This young man is scarcely old enough to rent a car in America, and he has finished yet another correspondence course in terms of business, bought his own home (he’s single) is looking to further his formal business education, invests regularly and is the Manager of Operations of a 7-figure division in a gigantic company.

Not bad huh, not bad at all.

To top it all off, this guy isn't ugly at all, I've actually seen this guy in public and be completely ignorant to the female attention he regularly grabs. I don't think he considers himself Brad Pitt, but in all honesty when you consider everything about him he is a mustang surrounded by Kia's.

This is the kind of guy, which makes quite a few of us ‘normal’ people look like lazy bums in comparison. When he tells me about the ideas he has for our division and where he sees us, I simply can’t believe the amount of vision he has for someone so young. We where actually talking about one of the many new plans he has for us now when he happened to talk about his personal life for a smidge. You see, he is in no hurry to get married, there is far too much for him to do at this juncture, but his girlfriend is.  He had said that she believes they are all set, now, house, good job, and savings so marriage and children are looking pretty good right about now.
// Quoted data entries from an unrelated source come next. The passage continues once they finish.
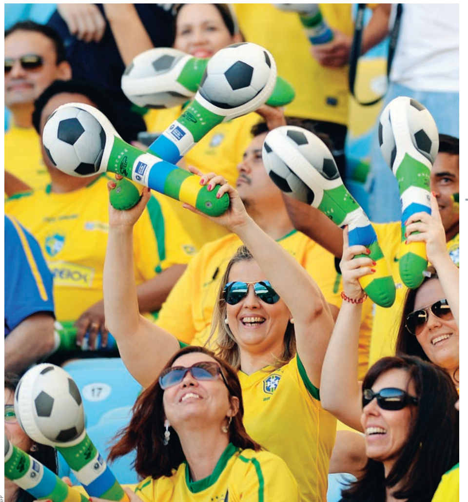
МИТИНГИ БРАЗИЛЬЦЕВ ПРОТИВ ЧЕМПИОНАТА МИРА ЗА ПРЕДЕЛАМИ СТАДИОНОВ ВОВСЕ НЕ ОЗНАЧАЮТ, ЧТО НАРОД ОХЛАДЕЛ К ФУТБОЛУ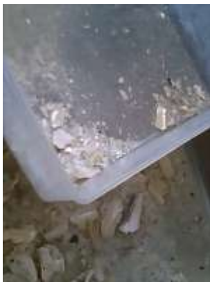
水切りして乾燥させます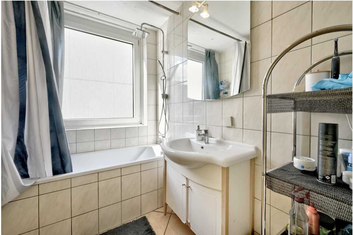
Bad mit Badewanne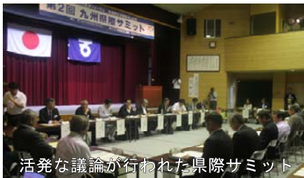
活発な議論が行われた県際サミット

8月21日、五ヶ瀬町町民センターにおいて、県際地域の様々な課題を解決することを目的に、県内外の自治体や経済界の関係者約120名が参加し、 第2回九州県際サミット が開催されました。

I chuckled when he said that.

In essence, he and his gf are indeed ready to ‘settle down’ but everything I have just written which proves that they are ready have come from HIM, nothing from her. Now I’ve met his gf, she is far more reasonable than most North American Women, but I still had to explain to my young but very successful manager the real deal.  Despite all the claims otherwise by women and the lamestream media, things really haven’t changed much from the man-provider, woman-provided for role we saw in history. Of course she sees that they are ready for a more serious relationship, they have HIS house, and HIS steady income, what else is there?
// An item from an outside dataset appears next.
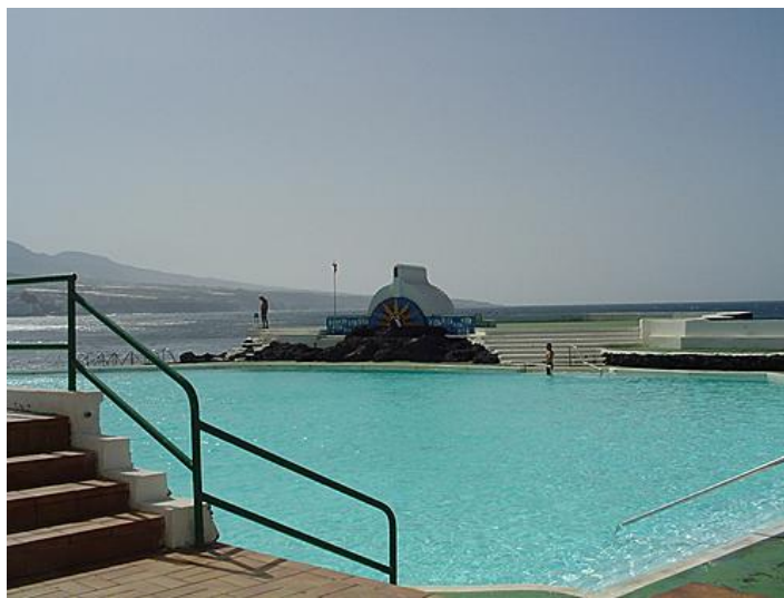
Figura 36: Piscinas Altagay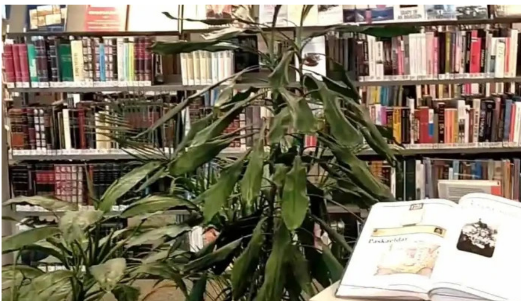
Bokasafn kopavogs myndskid

Now this is where he truly showed how smart he really is.

He had stated that even though men are still on the hook for their responsibilities as far as families go, they don’t get the same ‘privileges’ any longer so to speak. Let me just say this for the record, he has never been to an MRA blog, and I rarely tell him anything about what I have seen in the manosphere. He came to this ever present, but oft ignored conclusion all by himself.

Ain't it great ladies?

He then told me that whenever his gf says they should move in together, he pulls out the logic card and he does have enough game to make it work. He tells her that he will sell his house, and they will buy a bigger one, and then they can settle down. She, natch, can’t afford it, to which he replies “Then why do you want to move in together?”

Ah gotta love it.

He knows the deal, and the thing, which really makes me shake my head, is that this guy is a catch by any woman’s standards. He has a decent amount of game but I don’t think he actually understands the levels to which he could regularly score if he actually knew what the whole deal was. Make no mistake, if this guy spent even an hour on a PUA website, he would be dangerous.

C’mon, confident, good looking, young educated, and ferociously ambitious guy with a sh!tload of game? If he was a PUA, one couldn’t even say he would’ve been the type your mom warned you about, as everything else about him would have a girls parents whooping for joy at her good fortune. Well, before being pumped and dumped that is. I told him just that too, as far as his gf was concerned, she hit it out of the park by choosing him, most women will never even get a whif of a dude stacked like my manager and she knows it. I also bet that is why she is pushing to move in with him in the first place. As time goes on, my young manager is going nowhere but up, this does indeed put a little pressure on his gf’s SMP at the same time.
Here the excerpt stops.